● Required action: Word for word, write the lines below out again, with no pictures.

● Provided data:
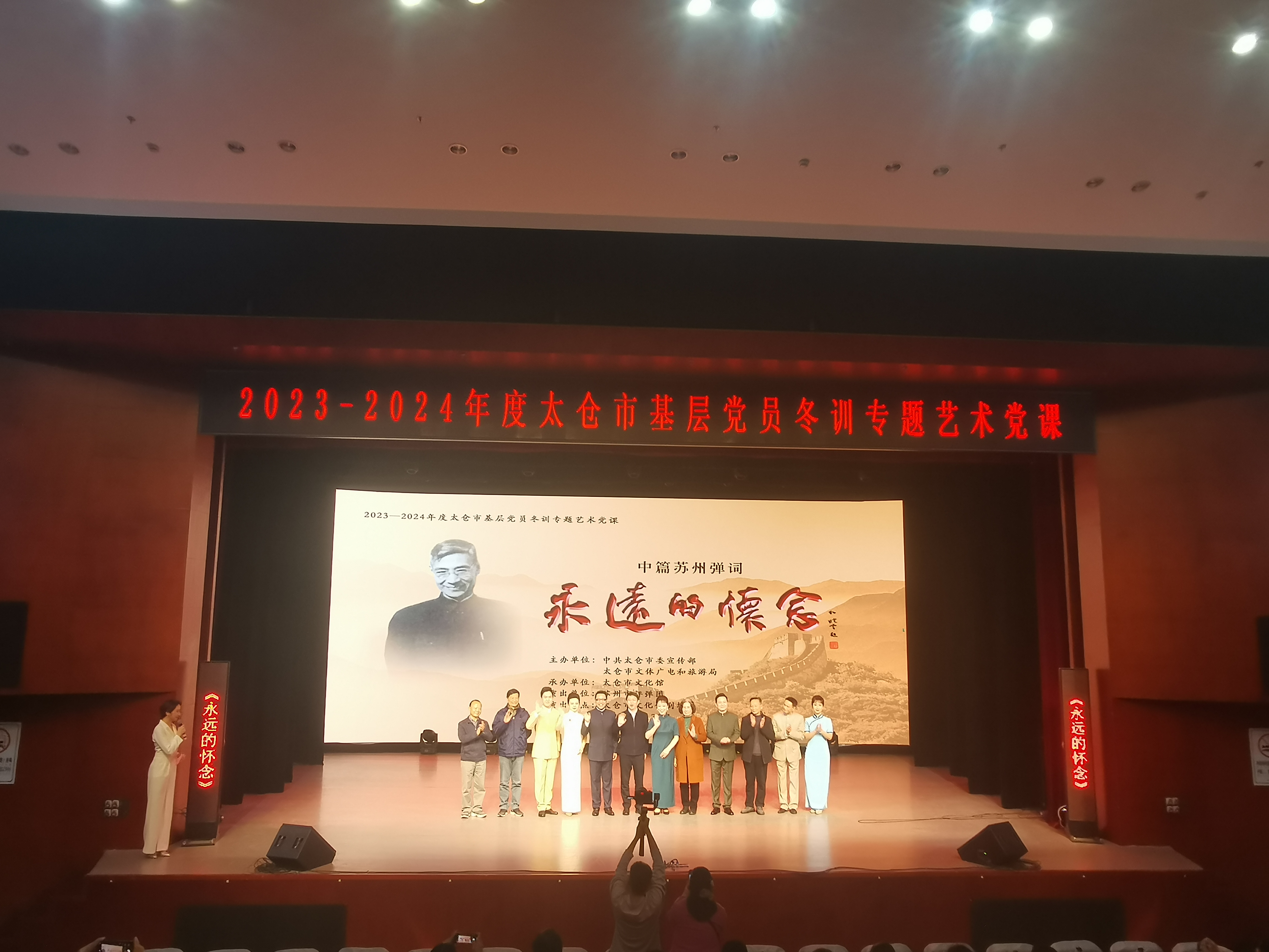 2024年3月26日下午2023-2024年度太仓市基层党员冬训专题艺术党课在市文化馆举行,经济管理学院党员代表步滕滕参与了本次党课学习。本次艺术党课内容为中篇苏州弹词《永远的怀念》,通过艺术结合党史理论和新时代奋斗故事的方式,讲述“两弹一星”元勋郭永怀的光辉事迹。
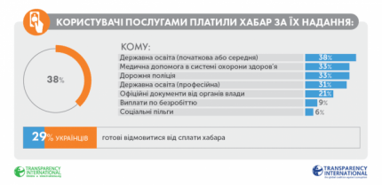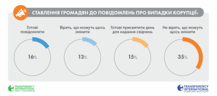 Согласно результатам опроса, которые приводит организация, 29% украинцев готовы отказываться платить взятку, 9% готовы сообщать о коррупции, 6% будут голосовать за добропорядочных кандидатов и партии, 7% готовы вслух обсуждать проблему коррупции, 2% готовы вступить в антикоррупционные организации, а 1% - бойкотировать недобропорядочный бизнес.
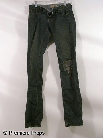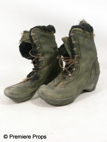 Deliver UsDirect from the set of The Book of Eli, this is Solara's (Mila Kunis) screen worn, hero, dirty, tan with chocolate brown, tan, yellow, and blue plaid flannel, button front, long sleeve, two chest pockets with flaps, hood, 'Arizona Jeans' shirt, (size M) slightly dirty dark blue "Paige" denim jeans with patch on the left knee, (Size 26) dark green plastic band with plastic bubble green face with clear top 'The Hulk' watch, and dirty, dark green suede with fur inside, lace up the front, age 'J41' boots. (no size)
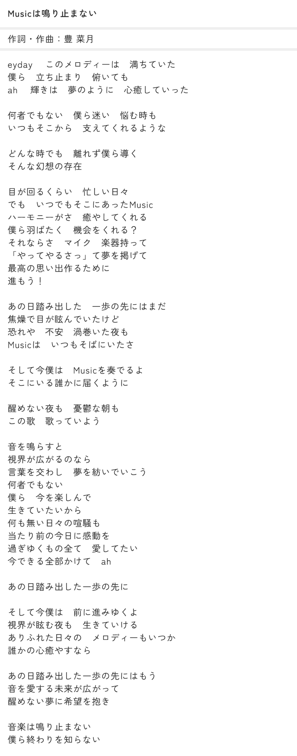Musicは鳴り止まない
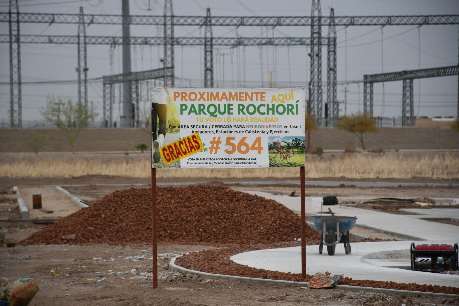 Viernes 13 de Marzo del 2026.- La Dirección General de Obras Públicas trabaja en la construcción del parque Rochori, proyecto que contempla un diseño sensorial e inclusivo, al ser propuesto por los vecinos del fraccionamiento La Sarzana a través del programa de Presupuesto Participativo.

● Finished task:
 2024年3月26日下午2023-2024年度太仓市基层党员冬训专题艺术党课在市文化馆举行,经济管理学院党员代表步滕滕参与了本次党课学习。本次艺术党课内容为中篇苏州弹词《永远的怀念》,通过艺术结合党史理论和新时代奋斗故事的方式,讲述“两弹一星”元勋郭永怀的光辉事迹。
 Согласно результатам опроса, которые приводит организация, 29% украинцев готовы отказываться платить взятку, 9% готовы сообщать о коррупции, 6% будут голосовать за добропорядочных кандидатов и партии, 7% готовы вслух обсуждать проблему коррупции, 2% готовы вступить в антикоррупционные организации, а 1% - бойкотировать недобропорядочный бизнес.
 Deliver UsDirect from the set of The Book of Eli, this is Solara's (Mila Kunis) screen worn, hero, dirty, tan with chocolate brown, tan, yellow, and blue plaid flannel, button front, long sleeve, two chest pockets with flaps, hood, 'Arizona Jeans' shirt, (size M) slightly dirty dark blue "Paige" denim jeans with patch on the left knee, (Size 26) dark green plastic band with plastic bubble green face with clear top 'The Hulk' watch, and dirty, dark green suede with fur inside, lace up the front, age 'J41' boots. (no size)
Musicは鳴り止まない
 Viernes 13 de Marzo del 2026.- La Dirección General de Obras Públicas trabaja en la construcción del parque Rochori, proyecto que contempla un diseño sensorial e inclusivo, al ser propuesto por los vecinos del fraccionamiento La Sarzana a través del programa de Presupuesto Participativo.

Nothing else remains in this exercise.